Another day, another Big Data analogy.
All of the hype doesn’t change the fact that businesses across nearly every industry are gaining competitive advantage by extracting value from large datasets.
Econometrics is an area that has been cautious about Big Data. The field is built on a strong foundation of theory and methodology, and relies on a variety of approaches that differ significantly from those of Big Data analytics.
For example, econometrics typically starts with a theory and then uses data analysis to prove or disprove it, while Big Data and machine learning work in reverse. Econometricians have also expressed concerns regarding the context, reliability and representativeness of such vast datasets.
However, it’s becoming clear that Big Data has the potential to be disruptive to traditional econometrics. Data collection over social sources has produced unprecedentedly large and complex datasets about human behavior and interaction, and this unstructured data has proven itself to be a goldmine of economic information.
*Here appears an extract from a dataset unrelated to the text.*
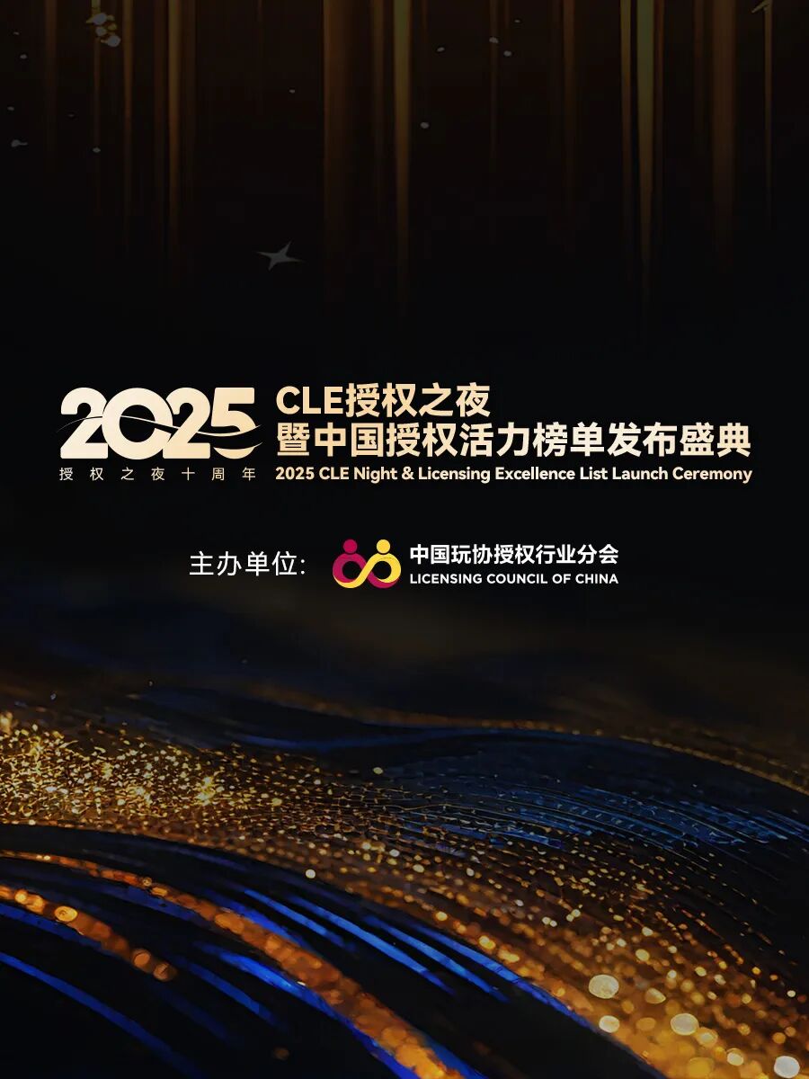 为了促进和引导授权行业高质量发展,中国玩协授权行业分会今年首次发布中国授权活力榜单,对 10 个被授权行业中 180 个活跃品牌在 2024 年 7 月 1 日至 2025 年 6 月 30 日期间与 640 个 IP 进行的授权合作进行了调研,共统计官方公开的 2163 个授权案例,以及 156 家企业申报的 225 个优秀授权案例,从合作频次、销售数据、社媒热度和品牌影响力等维度综合评定。最终究竟都有哪些被授权品牌和 IP 登榜?敬请期待 CLE 授权之夜揭晓 15 大榜单!

Econometricians are certainly not strangers to data analysis; however the growing volume of economic data from diverse sources is driving the need to adopt new computational approaches and develop better data manipulation tools. Econometricians entering the field today also face a bit of a learning curve, and find they require a combination of skills in both economics and computer science to deal with the increasing volume, variety, and velocity of data.
Hal Varian, Chief Economist at Google offers this word of advice to current students of econometrics: “Go to the computer science department and take a class in machine learning.